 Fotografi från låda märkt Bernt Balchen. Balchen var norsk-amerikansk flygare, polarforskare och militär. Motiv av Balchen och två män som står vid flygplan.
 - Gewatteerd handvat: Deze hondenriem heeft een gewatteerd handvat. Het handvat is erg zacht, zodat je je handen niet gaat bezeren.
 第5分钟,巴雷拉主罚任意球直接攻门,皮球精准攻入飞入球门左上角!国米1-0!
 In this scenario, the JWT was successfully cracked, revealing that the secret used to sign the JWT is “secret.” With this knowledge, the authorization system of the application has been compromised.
□ □ □
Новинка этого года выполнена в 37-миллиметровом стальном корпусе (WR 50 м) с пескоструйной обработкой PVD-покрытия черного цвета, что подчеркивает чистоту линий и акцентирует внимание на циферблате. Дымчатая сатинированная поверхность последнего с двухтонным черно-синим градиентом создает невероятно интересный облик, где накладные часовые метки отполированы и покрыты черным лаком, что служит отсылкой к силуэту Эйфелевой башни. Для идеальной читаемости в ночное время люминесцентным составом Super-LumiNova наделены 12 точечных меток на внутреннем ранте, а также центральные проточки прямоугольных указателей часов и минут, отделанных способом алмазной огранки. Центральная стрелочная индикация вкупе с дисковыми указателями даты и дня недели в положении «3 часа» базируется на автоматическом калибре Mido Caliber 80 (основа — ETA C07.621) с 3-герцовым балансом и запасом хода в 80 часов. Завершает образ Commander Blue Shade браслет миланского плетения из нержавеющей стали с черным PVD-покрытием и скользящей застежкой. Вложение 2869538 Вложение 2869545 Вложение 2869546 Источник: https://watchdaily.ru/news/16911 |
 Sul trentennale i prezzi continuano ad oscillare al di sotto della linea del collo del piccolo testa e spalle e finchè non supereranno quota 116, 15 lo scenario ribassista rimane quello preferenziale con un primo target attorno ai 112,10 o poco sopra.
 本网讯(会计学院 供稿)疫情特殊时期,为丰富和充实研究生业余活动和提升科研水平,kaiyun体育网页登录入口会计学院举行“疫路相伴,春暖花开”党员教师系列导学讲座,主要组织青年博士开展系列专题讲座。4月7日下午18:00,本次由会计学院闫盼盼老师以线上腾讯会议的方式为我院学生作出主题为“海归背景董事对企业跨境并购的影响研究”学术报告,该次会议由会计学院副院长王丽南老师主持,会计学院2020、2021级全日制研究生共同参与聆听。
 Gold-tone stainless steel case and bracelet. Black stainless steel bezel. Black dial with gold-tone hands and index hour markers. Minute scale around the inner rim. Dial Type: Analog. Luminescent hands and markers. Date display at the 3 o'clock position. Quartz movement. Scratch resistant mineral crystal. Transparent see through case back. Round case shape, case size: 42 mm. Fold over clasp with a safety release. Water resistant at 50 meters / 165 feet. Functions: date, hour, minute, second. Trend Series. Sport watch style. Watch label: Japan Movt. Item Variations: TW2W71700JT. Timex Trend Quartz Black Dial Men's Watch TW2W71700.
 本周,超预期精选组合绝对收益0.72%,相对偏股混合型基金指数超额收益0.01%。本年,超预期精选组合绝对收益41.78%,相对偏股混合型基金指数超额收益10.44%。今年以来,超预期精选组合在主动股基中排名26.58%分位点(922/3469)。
□ □ □
**Instructions to follow**
Lines of the material in which the word "scenario" occurs are to be copied out.

**Reply**
 In this scenario, the JWT was successfully cracked, revealing that the secret used to sign the JWT is “secret.” With this knowledge, the authorization system of the application has been compromised.
 Sul trentennale i prezzi continuano ad oscillare al di sotto della linea del collo del piccolo testa e spalle e finchè non supereranno quota 116, 15 lo scenario ribassista rimane quello preferenziale con un primo target attorno ai 112,10 o poco sopra.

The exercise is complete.